§ What you need to do
Exclude the pictures and reproduce exactly the lines that run from the one holding "- Tap on Add" to the end of the entries below.

§ Entries supplied
──────

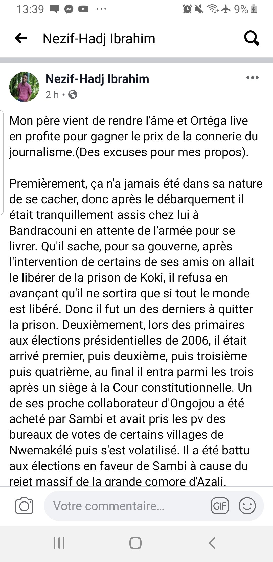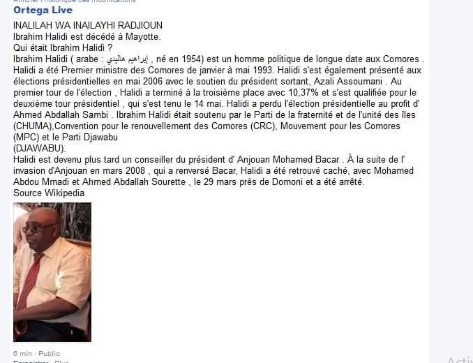 La famille de l’ancien premier ministre Ibrahim Halidi Abderemane est très remontée. Une colère compréhensible après la publication du journaliste Ortega qui est à la recherche du Buzz. Ortega aurait dit des mensonges sur le défunt. Voici le message bouleversant du fils de l’ancien premier ministre :
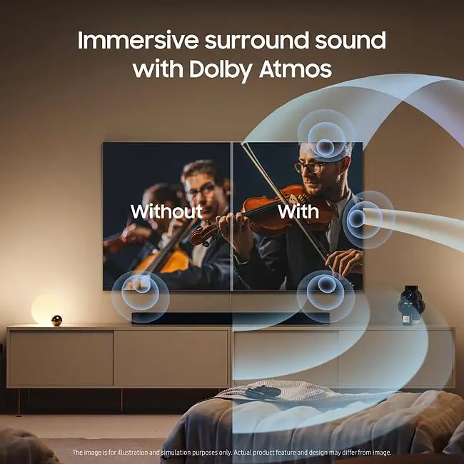 Andre egenskaper 360 Audio, Adaptive Sound Pro, Far-Field Voice Interaction, Audio Pre-selection Descriptor, Object Tracking Sound Lite, Enhanced Audio Return Channel (eARC), Q-Symphony, Active Voice Amplifier Pro
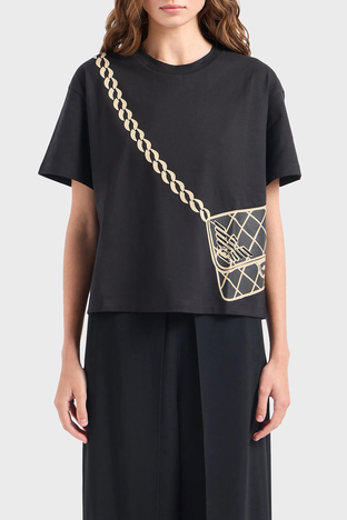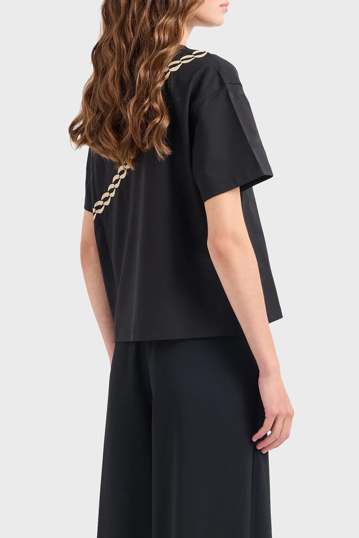 Organik Pamuklu Boxy Fit Bisiklet Yaka Bayan T Shirt 3D2T7E 2J4EZ 0999 SİYAH
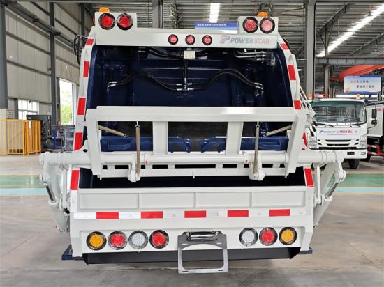 Semi-sealed bucket flip mechanismDo e Der leichte Müllverdichter ISUZU NPR ist ein Müllwagen für den städtischen Einsatz mit hervorragender Leistung. Er ist mit einem 4HK1-TCG61-Motor mit einer maximalen Leistung von 190 PS und einem Hubraum von 5,19 Litern ausgestattet. Er verfügt über einen 4-Zylinder-Reihen-Turbomotor mit Ladeluftkühler. Das Gesamtgewicht des Fahrzeugs beträgt 11 Tonnen, die tatsächliche Nutzlast 4,9 Tonnen. Das Fahrgestell ist mit 4x2-Antrieb ausgestattet und der Radstand beträgt 3815 mm. Der Mülleimer hat ein Fassungsvermögen von 10 Kubikmetern und besteht aus gebogenen, integrierten Stahlplatten. Boden und Seitenplatten bestehen aus 4 mm starkem Q235-Spezialstahl. Das Kompressionsverhältnis beträgt 1:3,4.
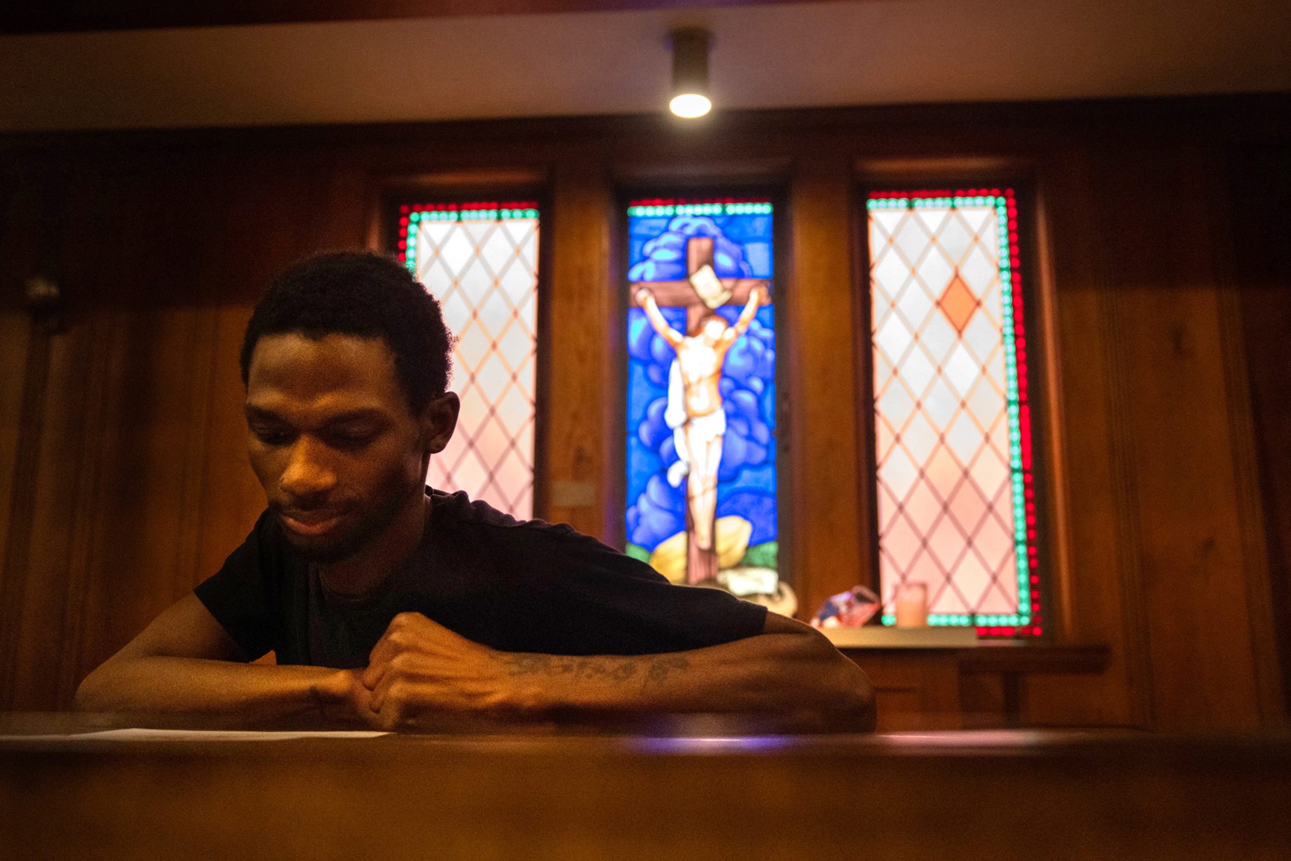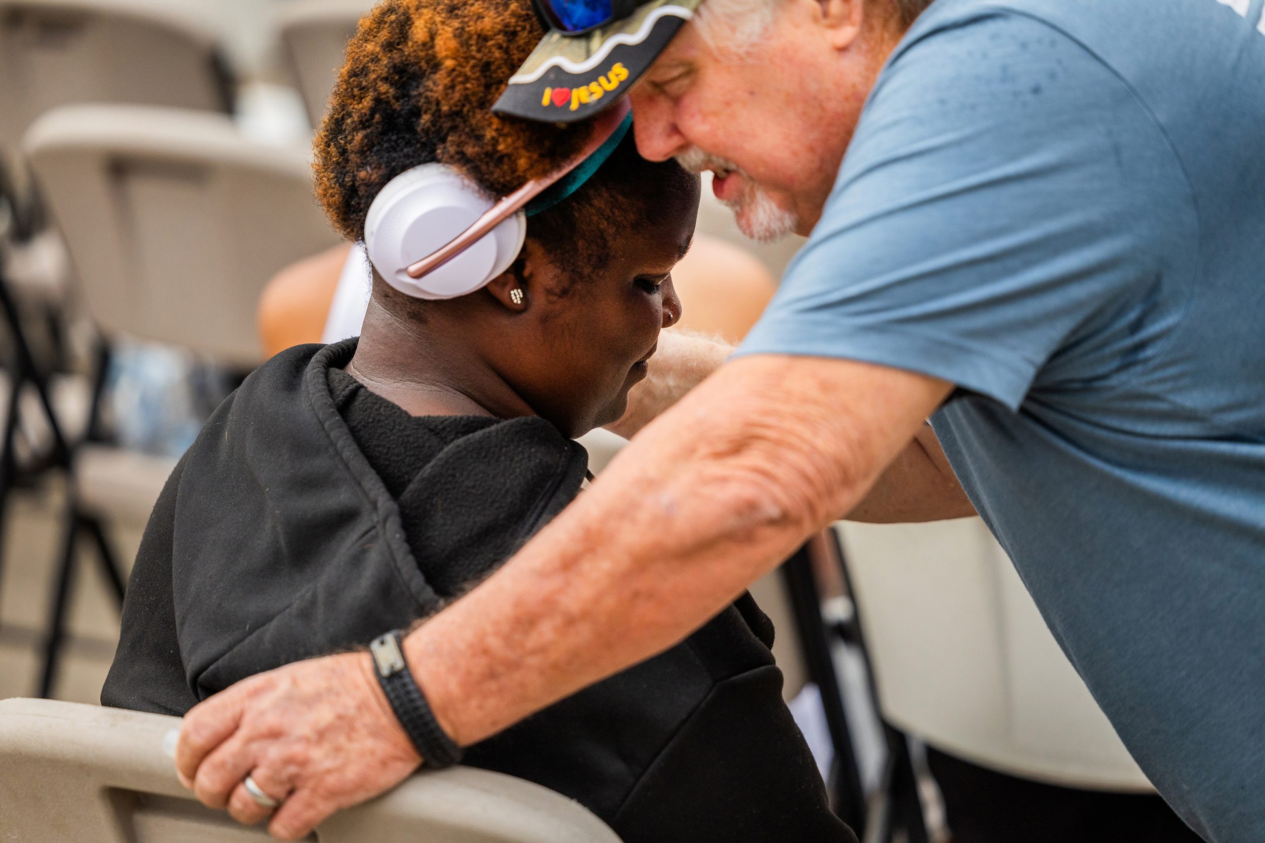 First: Danielle Stephen, 20, has a beverage she received May 8 at Montrose Street Reach. Montrose Street Reach is an organization dedicated to transitioning at-risk people off the streets. Next: Stephen holds a few dollars before offering the cash to Montrose Street Reach. Next: Stephen attends a Montrose Street Reach service, which she calls “street church.” Last: Stephen closes her eyes while Mike MacLaughlin prays for her at a Montrose Street Reach service. Credit: Marie D. De Jesús/Houston Landing
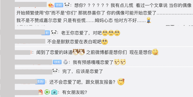 25號時,王嘉爾在微博上曬出一張健身的自拍照,並配上文字:「在 美國 現在,別擔心 ,有吃,有健身,有睡,有專心工作,蠻好的,想你」,文末附上了一個愛心的符號,然而粉絲們發現王嘉爾發文寫的是「想你」而不是「想你們」,紛紛猜測王嘉爾是不是戀愛了,崩潰留言說道:「看過一個文章說 當你的偶像開始頻繁使用『你』而不是『你們』 那就恭喜你了 你的偶像可能開始戀愛了」、「完了,應該是戀愛了」、「我有預感嘎嘎戀愛了」、「聞到了戀愛的味道,之前微博都是想你們,現在是想你」、「老王你戀愛了,對吧」,大批粉絲不斷猜測王嘉爾是戀愛了。
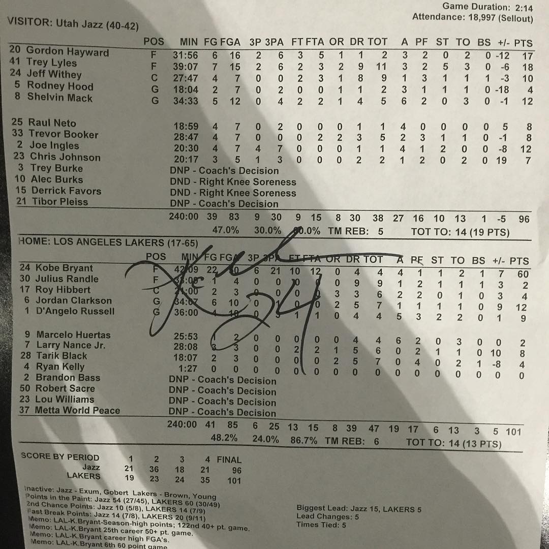 Nick 表示当时自己有些失望,不过这就是科比。随后 Nick Young 还是在自己的社交网络上晒出了科比亲签的当晚比赛统计表,看来科比还是颇为友好对待自己的战友,毕竟是老大哥,毕竟 Young 的名字也在这张单子上,不过是在最下面。。。
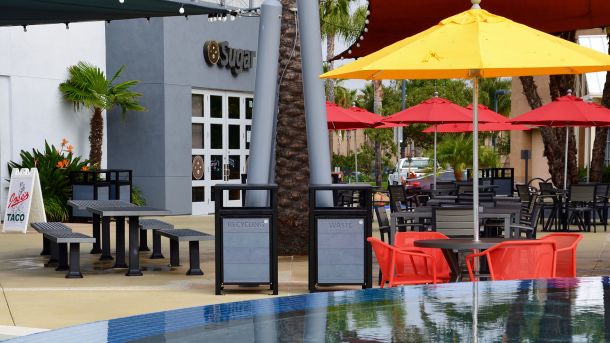 Wishbone recycled plastic boards are non-toxic, ultra-durable and low maintenance. They are easy to clean and can be renewed from UV damage. The recycled material is simply excellent for the demands of outdoor commercial furniture while also helping to divert waste plastic from landfills.
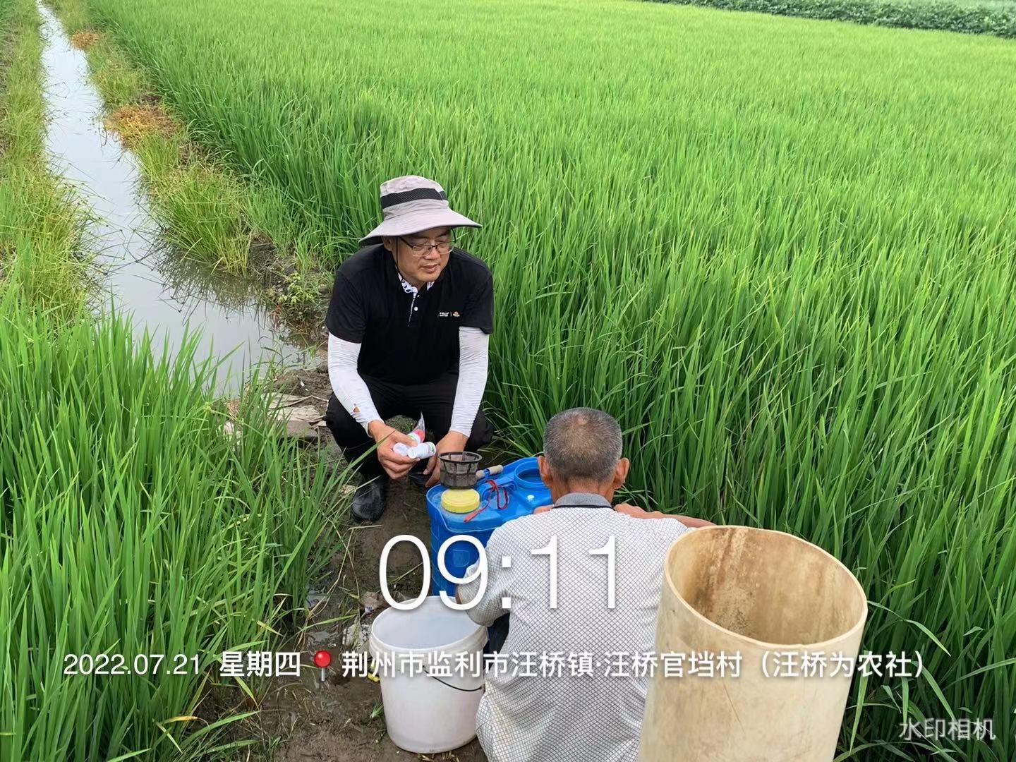 ®·监利服务中心的农技人员每星期都要到合作农户的示范田地巡察,回访7-8次,详细记录农药产品使用前后水稻田的变化,每年平均办10次观摩会,持续推出农技短视频和直播,为农户提供贴心服务。
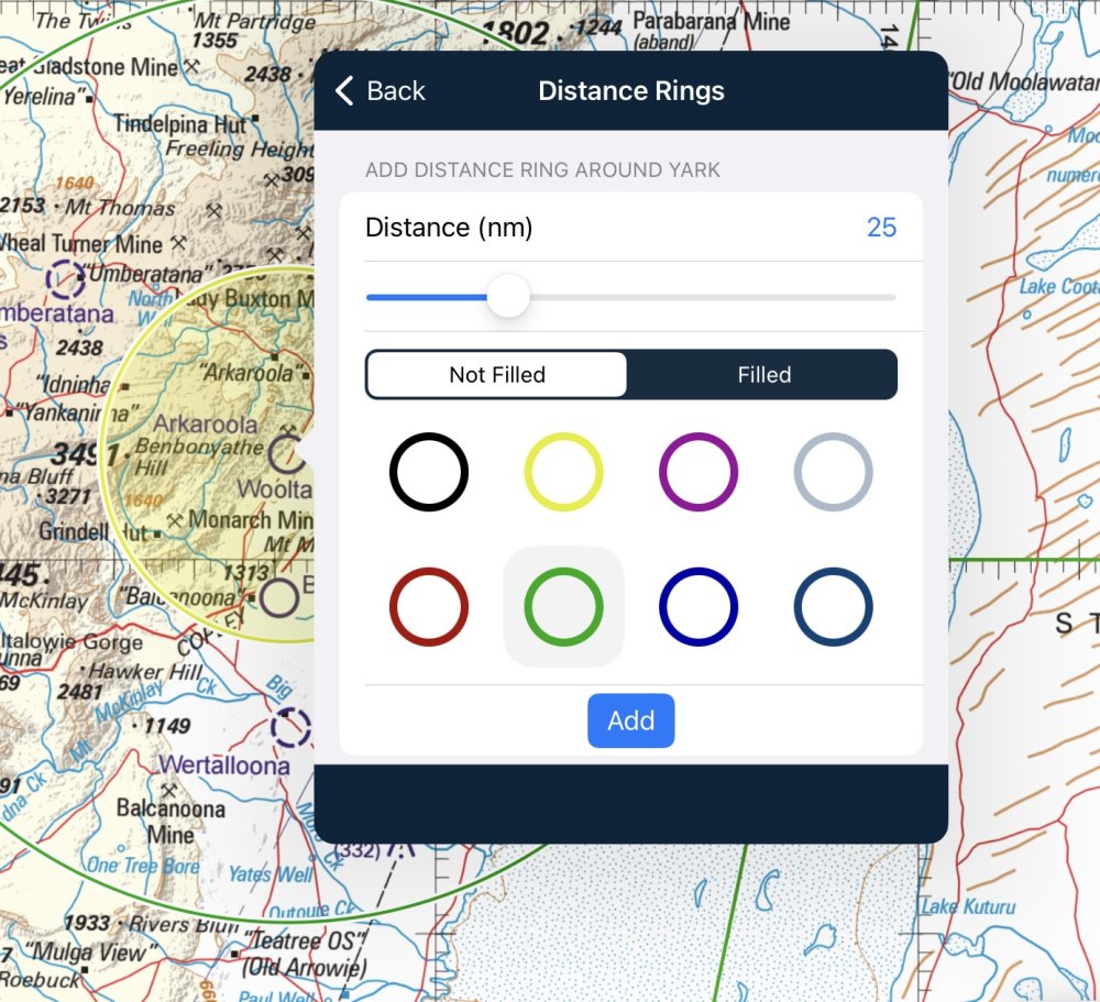 - Tap on Add to add the ring. The distance ring will be drawn and will remain on your chart until deleted.
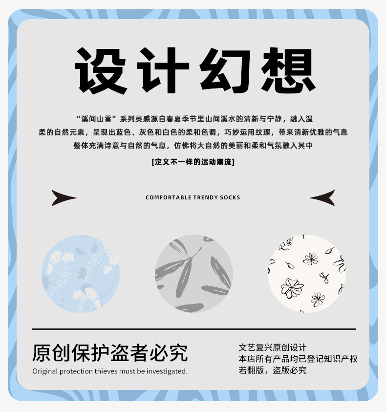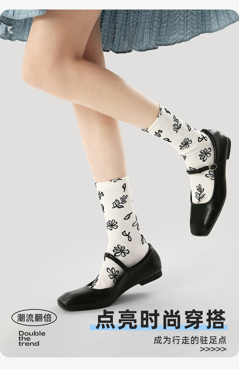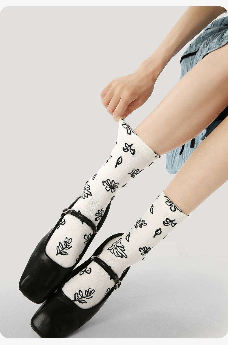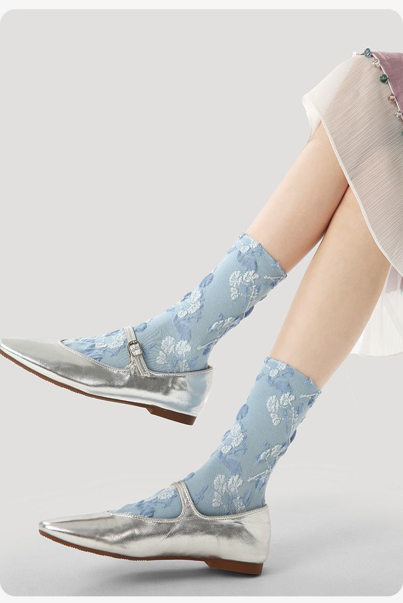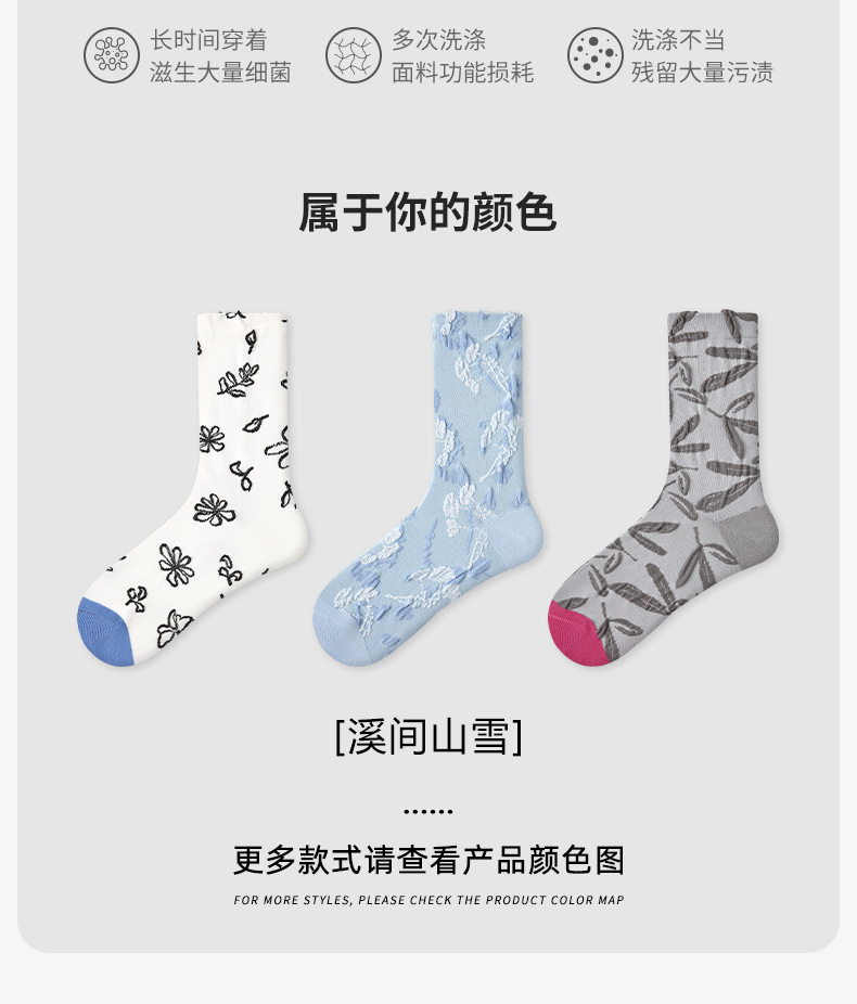 原创女袜春夏季复古浮雕袜子中筒袜文艺ins潮袜子女

──────

§ Answer area
 - Tap on Add to add the ring. The distance ring will be drawn and will remain on your chart until deleted.
 原创女袜春夏季复古浮雕袜子中筒袜文艺ins潮袜子女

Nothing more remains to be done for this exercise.